I have spoken with many people close to the Wineskins process, both on the record and off. Accounts vary. A tangle of factors and agendas were at play. Few say the process went well. MCC spokespeople say that most of the 2,000 people consulted had no interest in MCC restructuring, and yet that was the main outcome.
Some people are surely pleased that MCC Canada got a bigger role. Others say the family of faith should rise above administrative jostling based on national identities. Still others are baffled by a process that created commotion within MCC, but did not ignite a broader debate about MCC’s evolving role in an increasingly unequal, polarized and warming world. One MCC staff person said the process should have focused on “how to best respond to the needs of the world,” not on “which powerful North American country gets to have control.”

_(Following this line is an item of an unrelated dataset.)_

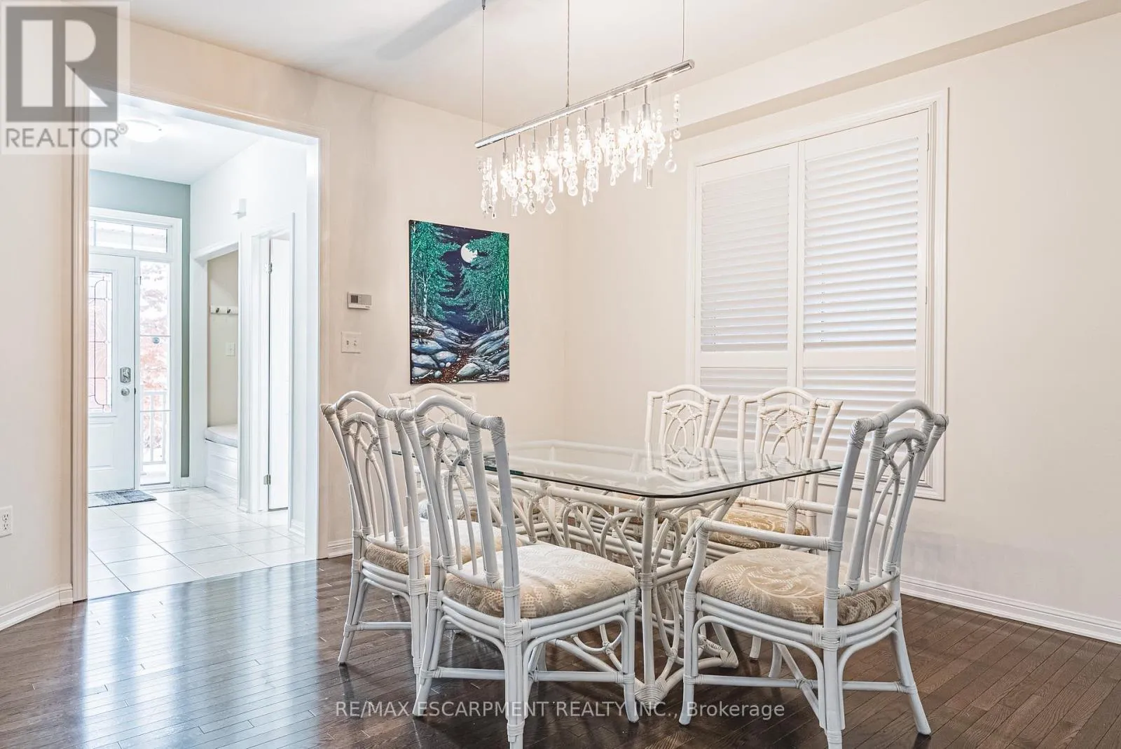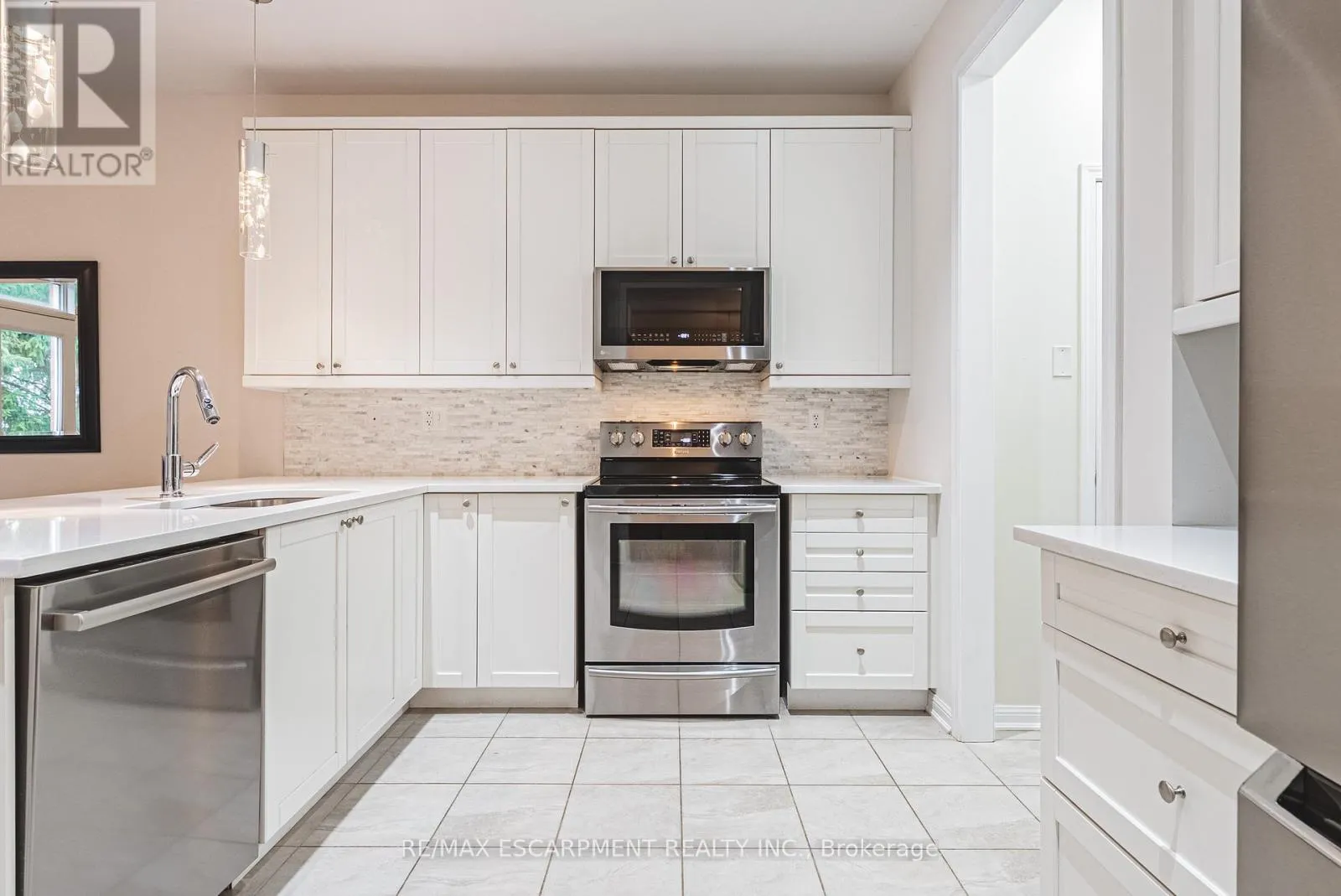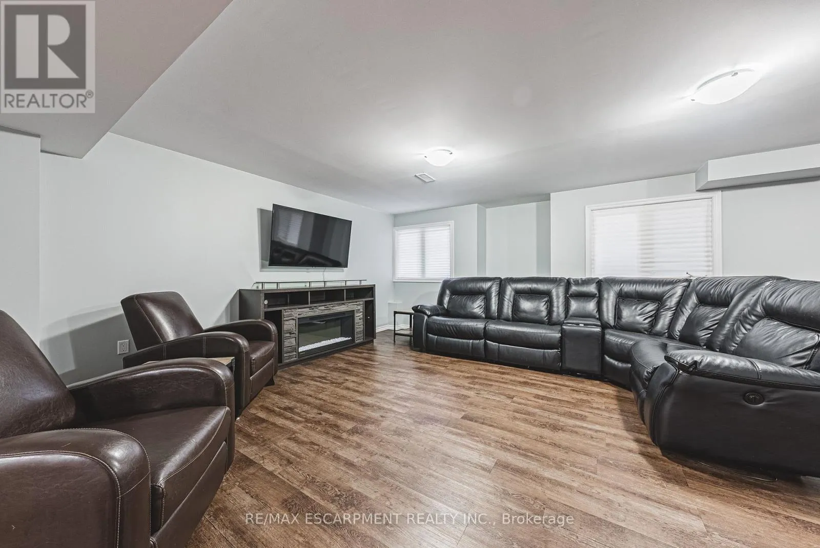 Cross Streets: Kitty Murray. ** Directions: Kitty Murray - Emick - Peer. Spectacular 4-bedroom home with walk-out basement, ideally located across from a park and within walking distance to schools. This beautifully designed residence features a sleek, open-concept layout with impressive kitchen including quartz countertops, stainless steel dishwasher and microwave, elegant marble backsplash, breakfast bar, kitchen dining area with patio doors to balcony, extended upper shaker cabinetry, full-wall pantry, pot drawers and a lazy Susan-perfect for both everyday living and entertaining. This family friendly home also offers a separate formal dining area, adding versatility and charm and open to the impressive great room showcasing coffered 9-foot ceilings, smooth finishes, rich dark-stained hardwood floors, and an abundance pot lighting, creating a refined, magazine-worthy ambiance. The welcoming foyer features a custom niche seating area and the main floor also includes a guest powder room. Enjoy this carpet free home with hardwood flooring & ceramic throughout the first and 2nd floors. The fully finished basement showcases laminate flooring, 4 piece bath, office, spacious Rec room with walk-out to the rear yard and ample storage. The second level boasts four generously sized bedrooms, including a luxurious primary suite with a spa-inspired ensuite featuring a glass shower, soaker corner tub, and elegant finishes. This 2nd floor also provides a second full bathroom and spacious laundry room for every day convenience. Close to all Ancaster has to offer, including shopping, restaurants, golf courses and more. Room sizes approximate. (id:27476)

Despite the differences, and despite the defects in the process, everyone seems to hold a common, ongoing commitment to the work of MCC.
Oddly, in legal terms there is no such entity as MCC, only MCC Canada, MCC U.S. and the regional MCC bodies. That is fitting, for MCC itself is something broader. It is an ethos, a web of relationships. It is donors, staff, volunteers, partner organizations, recipients of programming and, in it all, the Spirit of God.
MCC is something beyond organizational structures or national borders. It is something beyond the control of boards or staff, however they are configured. The people and relationships that make up MCC are imperfect, like the Wineskins process, which means that MCC is, among other things, an ongoing struggle of imperfect people to follow God in an imperfect world.
Comments
Will Braun's article on the deconstruction of MCC Binational reminded me of the binational creation care committee that has been at work promoting environmental stewardship since 1991 (see www.mennocreationcare.org).
Although it has gone through a couple transformations it continues to work binationally. This was no accident. As one of the original participants, who was a board member until 2011, we chose to work across borders and merged two separate conference committees into one (so we merged church denominations as well as US/Canada).
Issues are not "canadian" or "american". In fact we have found that different perspectives and experiences enrich the dialogue about what it means to be a faithful christian. Working binationally also mitigates against easy stereotyping of the "other". We are all in this together.